The "Reflexion" pattern: after an attempt, the model critiques its own output, then retries with the critique as context. Published ablations show +5–20 points on agent benchmarks.

Reality check: reflection is a cost multiplier (2–3× tokens per task) for a modest quality bump that isn't always present. Before adding it:

Measure without reflection.
Add reflection on a sampled subset.
Confirm the quality delta is real and justifies the cost.

When reflection pays:

The base model is weak relative to the task — reflection surfaces errors the model can spot post-hoc but not prospectively.
The task has objective verification (tests pass, query returns expected shape). Self-critique with ground truth beats self-critique from nowhere.
Long tasks where early missteps compound. Reflection every N steps catches drift.

When reflection doesn't help:

The base model is strong — it often produces the right answer first, and reflection adds noise.
The task is subjective — the critique can't distinguish good from bad.
Already using extended reasoning — reasoning mode is effectively internalised reflection.

Tree-of-Thought: occasional win, often overkill

ToT generates N candidate reasoning paths, evaluates each, keeps the best, iterates. Works when one-shot reasoning often lands on a local minimum.
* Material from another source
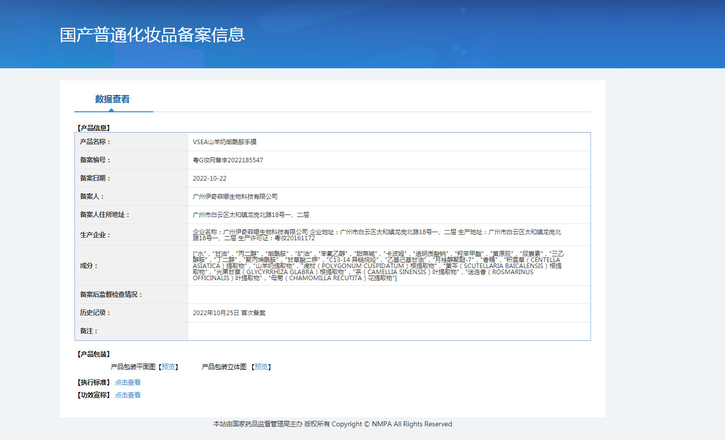 Гуандун G, регистрационный номер сети макияжа: 2022185547

Cost: O(N) × regular CoT cost.
Benefit: measurable on specific task classes (puzzles, constrained reasoning, game-like problems).
Production use: rare. The implementation complexity is high and extended-reasoning modes deliver most of the benefit without the orchestration.

If you need ToT-like exploration, consider:

Best-of-N — generate N answers, pick the one the model rates highest (or majority-vote). Simpler than ToT, often captures most of the gain.
Self-consistency — generate N answers with temperature > 0, take the most common answer. Essentially free over generating one answer.
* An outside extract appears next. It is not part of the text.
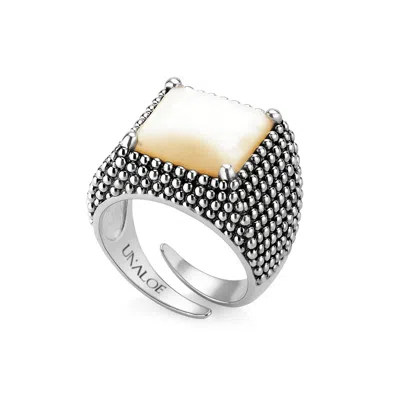 Silver / White Men's Adjustable Square Ring Sterling Silver With Mother Of Pearl In Multi

Self-consistency is underrated. On arithmetic and closed-set reasoning, N=5 with majority vote often matches more sophisticated schemes.
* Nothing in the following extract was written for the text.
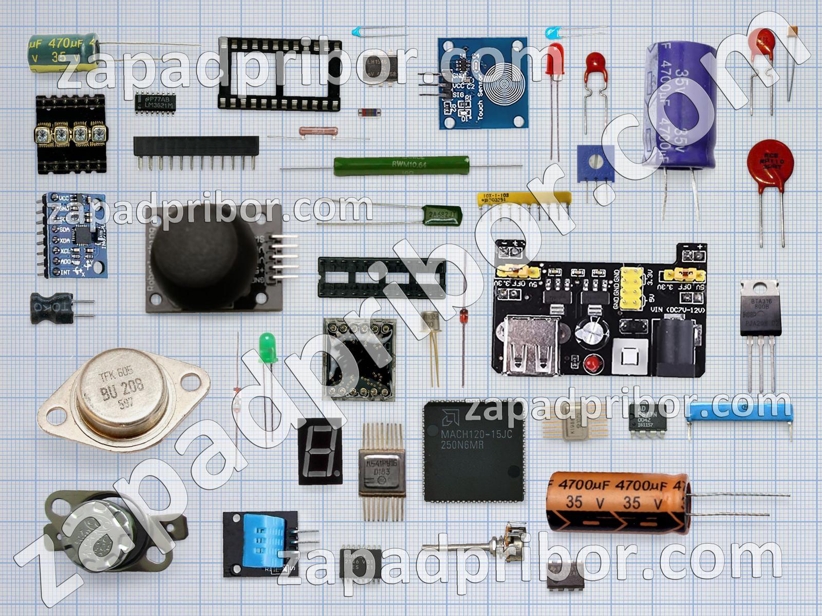 Кроме этих радиодеталей на нашем сайте вы сможете найти большой перечень компонентов. Осуществляйте поиск по основным типам радиодеталей таких как реле, разъем, дроссель, диодный мост, конденсатор, индикатор, резистор, светодиод, трансформатор, адаптер, тумблер, микросхема, транзистор, фотодиод, соединитель, переключатель, колодки, тиристор, датчик, экран, индуктивность, усилитель, кнопка, дисплей, контакты, диод, резонатор, преобразователь и другие.

ReAct and Reason+Act: the working default

ReAct interleaves reasoning and action:

Thought: I need to find the user's subscription
Action: lookup_user(id=42)
Observation: {active_subscriptions: 1, last_payment: ...}
Thought: OK, I have the subscription. Now I need to cancel it.
Action: cancel_subscription(user_id=42, sub_id=...)
Observation: ok
Thought: Done. I should also refund the last payment.
...

This is the baseline pattern for nearly every production agent. Modern frameworks (LangGraph, CrewAI, OpenAI Assistants) implement it almost identically under the hood.

Tuning hints:

Drop the Thought: channel if the base model reasons implicitly well. You save tokens and lose nothing.
Keep Thought: if you need the reasoning log for debugging or audit.
The Observation: block should be aggressively summarised for older turns — see AgentMemory.

Anti-patterns

Stacking reasoning strategies. CoT + reflection + ToT + extended-reasoning — each adds cost; the gains don't stack. Pick one.
Asking the agent to grade itself. It's reliably overconfident. Use a separate judge model or a rubric.
Reasoning about deterministic things. "Think step by step about whether to call get_user with id=42" when the code already decided — wasted tokens.
Extended reasoning for routine tasks. You paid 10× for nothing.

Measurement

The only honest question is whether your reasoning strategy improves your task's outcome per dollar. Fixed rollout eval (see AgentTesting) with cost tracked:

Regular mode: 60% success, $0.02/task
Regular + reflection: 68% success, $0.06/task
Extended reasoning: 78% success, $0.25/task

Which wins depends on what a success is worth to you. Know that number.